Anna comenta ainda sobre os planos profissionais que aguardam definições pós pandemia. “No audiovisual, tem o longa-metragem “”O Pastor e o Guerrilheiro, do cineasta José Eduardo Belmonte. O filme tem no elenco nomes como Cássia Kis, Johnny Massaro e Júlia Dalavia, gravamos no início deste ano, e a previsão de estreia é para 2021”, diz. “Tenho também um curta-metragem, que vou dirigir, “Meu Outro Nome é Luiza”, que flerta com o limite entre verdade e ficção, onde a verdade, subjetiva, talvez, nada mais seja do que uma construção, uma projeção de nós mesmos. É um documentário ficcional sobre uma diretora que se encanta pelo objeto de investigação: uma vedete libertária que luta para sobreviver na metrópole. Tenho usado meu tempo também para fazer conexões pra projeções no campo do teatro. Acho que devo estar escrevendo uns cinco projetos”.

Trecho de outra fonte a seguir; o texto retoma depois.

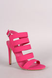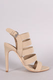 This irresistible heel features a strappy construction vamp, open toe silhouette, and wrapped stiletto heel. Finished with lightly padded insole and adjustable slingback strap with buckle fastening.

A atriz divide também que tem passado a quarentena sem companhia. “Não estou namorando. Mas sinto falta de contato em geral. Acho que quando abraçar profundamente meus amigos outra vez vou chorar ou gargalhar de alegria. A verdade é que gosto bastante do meu espaço e da minha liberdade. Ficar sozinha é essencial para mim. Se tivesse namorando acho que ia me sentir mais trancada ainda! (risos). Gosto de namorar em casa separada por enquanto”, revela.
Se te pedissem para falar sobre você hoje, o que diria? “Nos movemos para um mundo onde o imaterial e a comunicação são mais importantes do que nunca. Me sinto positiva de acreditar em um mundo onde o devido valor para as ideias e para as conexões humanas são os valores mais altos e possíveis”.